11

Мы решили разделять и властвовать. Вернее, разделиться, а там как получится. Аликс отправилась в «Антикварный амбар» и к своей подруге Шэрон, а мы со Смитом направили стопы в аукционный дом Нижнего Ист-Сайда. Присутствие Смита рядом вызывало в памяти наши парижские злоключения, хотя здесь не было запаха свежеиспеченных багетов и приглушенного звона церковных колоколов. Здесь скрежетали мусоровозы, гремели крышки канализационных люков, двигались толпы людей: старые, молодые, черные, белые, латиноамериканцы, азиаты, рабочие, пешеходы и бегуны, некоторые изобиловали татуировками и пирсингом.

Наша первая цель, Миссия Бауэри, располагалась сразу за современным Новым музеем со стеклянным фасадом, единственным институтом современного искусства на Манхэттене, детищем мечты Марсии Такер, бывшего куратора музея Уитни, которую когда-то уволили за ее радикальное мышление: выставлять женщин и цветных на музейных выставках! Я познакомился с ней на одной вечеринке в Сохо, когда только окончил художественную школу. Я был дерзким двадцатилетним юнцом, готовым покорять мир искусства. Марсии тогда было за шестьдесят, она была легендой, безумно харизматичной, блестящей, забавной и кокетливой.
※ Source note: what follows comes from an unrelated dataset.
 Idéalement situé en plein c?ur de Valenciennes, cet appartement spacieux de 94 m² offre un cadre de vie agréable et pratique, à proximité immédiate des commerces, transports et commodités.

Я заметил ее татуировки и, по пьяной лавочке, недолго думая, задрал на себе рубашку, чтобы показать ей свою Мону Лизу. Неделю спустя она прислала мне книгу «Сильно татуированные мужчины и женщины», для которой написала введение. Это была первая серьезная книга о татуировках как искусстве, которая, возможно, послужила причиной повального увлечения татуировками, вскоре охватившего мир искусства, а вскоре и весь остальной.

Ее уже не было на свете, но я часто вспоминал о ней, готовясь к своей выставке, и жалел, что не могу с ней посоветоваться.
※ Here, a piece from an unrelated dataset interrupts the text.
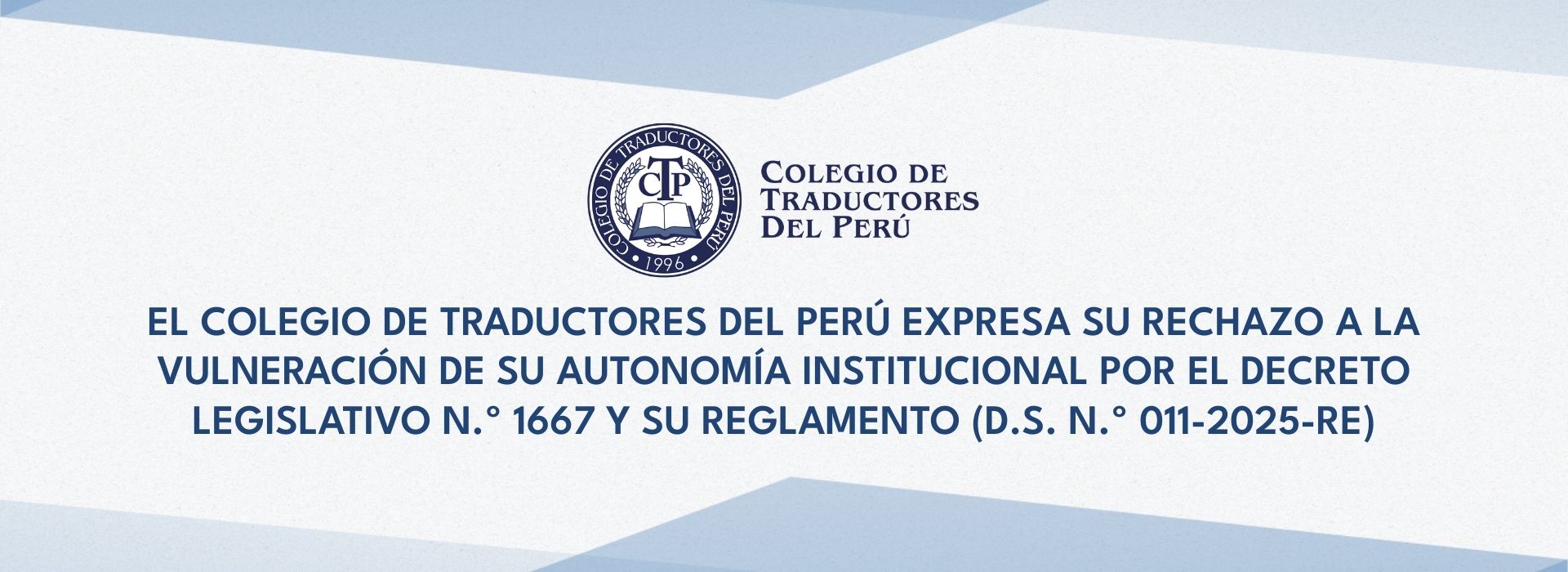 EL COLEGIO DE TRADUCTORES DEL PERÚ EXPRESA SU TOTAL RECHAZO A LA VULNERACIÓN DE SU AUTONOMÍA INSTITUCIONAL POR EL DECRETO LEGISLATIVO 1667 Y SU REGLAMENTO, APROBADO POR DECRETO SUPREMO 011-2025-RE, EN EL MARCO DEL PROCESO DE SELECCIÓN DE TRADUCTORES PÚBLICOS JURAMENTADOS QUE VIENE SIENDO EJECUTADO POR LA DIRECCIÓN GENERAL DE COMUNIDADES PERUANAS EN EL EXTERIOR Y ASUNTOS CONSULARES DEL MINISTERIO

Смит обернулся и вывел меня из задумчивости, хлопнув по плечу. Миссия Бауэри находилась всего в нескольких шагах от нас, ее красные двойные двери были недавно выкрашены, а кирпичный фасад казался выскобленным дочиста. У входа стояли несколько пожилых мужчин и была припаркована машина «скорой помощи»; больше никого.

Я оглядел улицу в поисках молодых людей, которые подходили бы под описание нападавших на Аликс. В этот момент двери здания открылись, и вышел представительный мужчина с темной кожей и серо-стальными волосами. Он оказался местным пастором.

Смит спросил, не известно ли пастору о каких-нибудь наркоторговцах, которые могли бы использовать окрестности миссии в качестве места встречи.

– Наркотики? Здесь? Перед миссией? – пастор рассмеялся. Когда я рассказал ему, что на Аликс напали неподалеку и один из нападавших упомянул его заведение, его смех стих, но, когда я описал парней, он сказал: – Это может быть кто угодно.

– То есть вообще без понятия? – спросил Смит, и пастор обиженно промолчал.

Я попробовал другой подход: расспросил его о делах Миссии и о том, долго ли он там работает, и пастор рассказал о христианских ценностях и служении голодным и бездомным, и мы вместе посмеялись над тем, что раньше в этом здании располагалась фабрика гробов. Потом Смит снова стал наседать на него, предъявив свое удостоверение частного детектива, и на этом разговор закончился.

– Это мог быть кто угодно, – повторил пастор и исчез за красными дверями, не проронив больше ни слова.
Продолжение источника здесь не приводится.